*Brief*:
Write out the lines below exactly, beginning at the one with "Aunt Cindy picked" and stopping after the one with "The black metal"; the pictures are not copied.

*Provided entries*:
------------------------------------------------------------

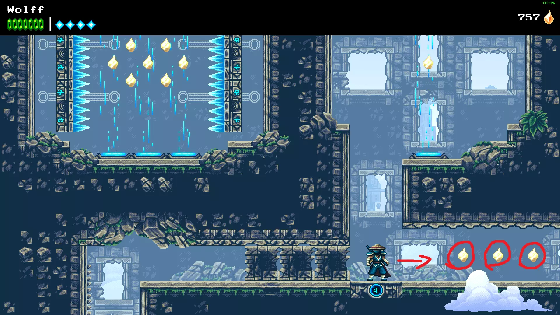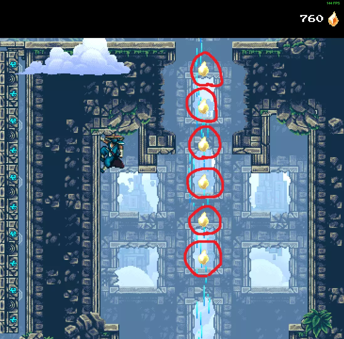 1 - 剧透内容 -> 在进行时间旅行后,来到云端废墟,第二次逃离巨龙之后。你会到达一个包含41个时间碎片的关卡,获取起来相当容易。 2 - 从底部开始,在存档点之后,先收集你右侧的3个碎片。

------------------------------------------------------------

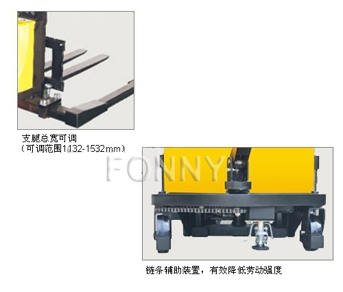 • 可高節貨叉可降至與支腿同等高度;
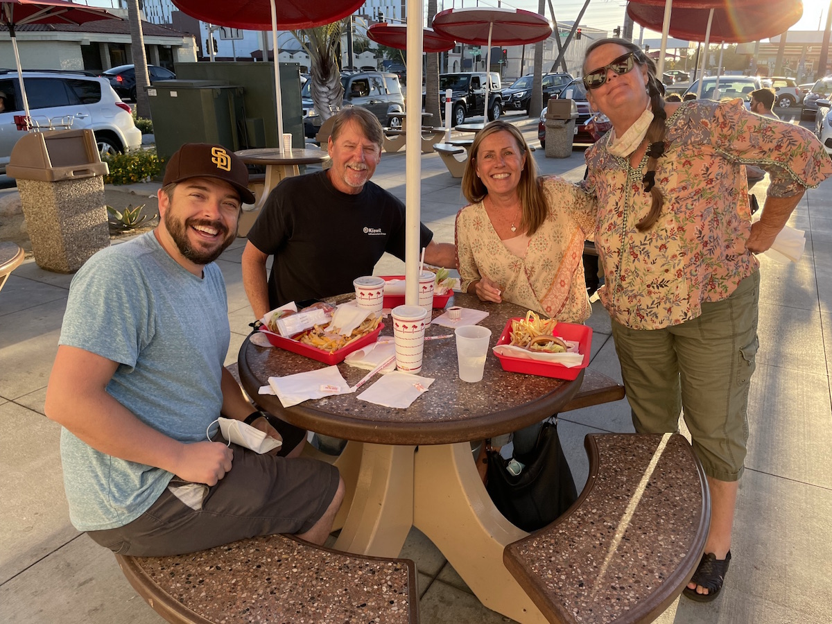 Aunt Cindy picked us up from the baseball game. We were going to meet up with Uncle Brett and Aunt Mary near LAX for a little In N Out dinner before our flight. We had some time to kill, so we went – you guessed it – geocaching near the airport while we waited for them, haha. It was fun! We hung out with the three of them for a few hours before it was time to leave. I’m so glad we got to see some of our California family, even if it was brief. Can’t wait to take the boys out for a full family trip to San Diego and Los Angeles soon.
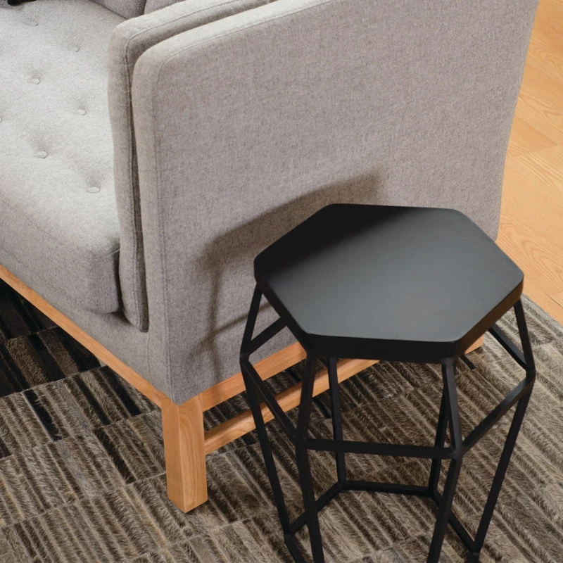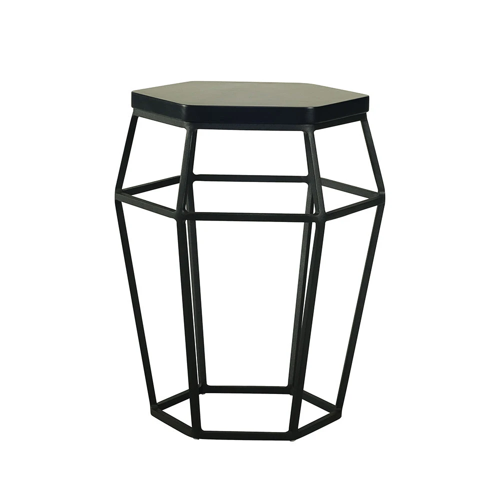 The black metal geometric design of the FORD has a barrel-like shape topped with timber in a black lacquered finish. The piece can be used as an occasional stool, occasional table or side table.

------------------------------------------------------------

*Exercise answer*:
 Aunt Cindy picked us up from the baseball game. We were going to meet up with Uncle Brett and Aunt Mary near LAX for a little In N Out dinner before our flight. We had some time to kill, so we went – you guessed it – geocaching near the airport while we waited for them, haha. It was fun! We hung out with the three of them for a few hours before it was time to leave. I’m so glad we got to see some of our California family, even if it was brief. Can’t wait to take the boys out for a full family trip to San Diego and Los Angeles soon.
 The black metal geometric design of the FORD has a barrel-like shape topped with timber in a black lacquered finish. The piece can be used as an occasional stool, occasional table or side table.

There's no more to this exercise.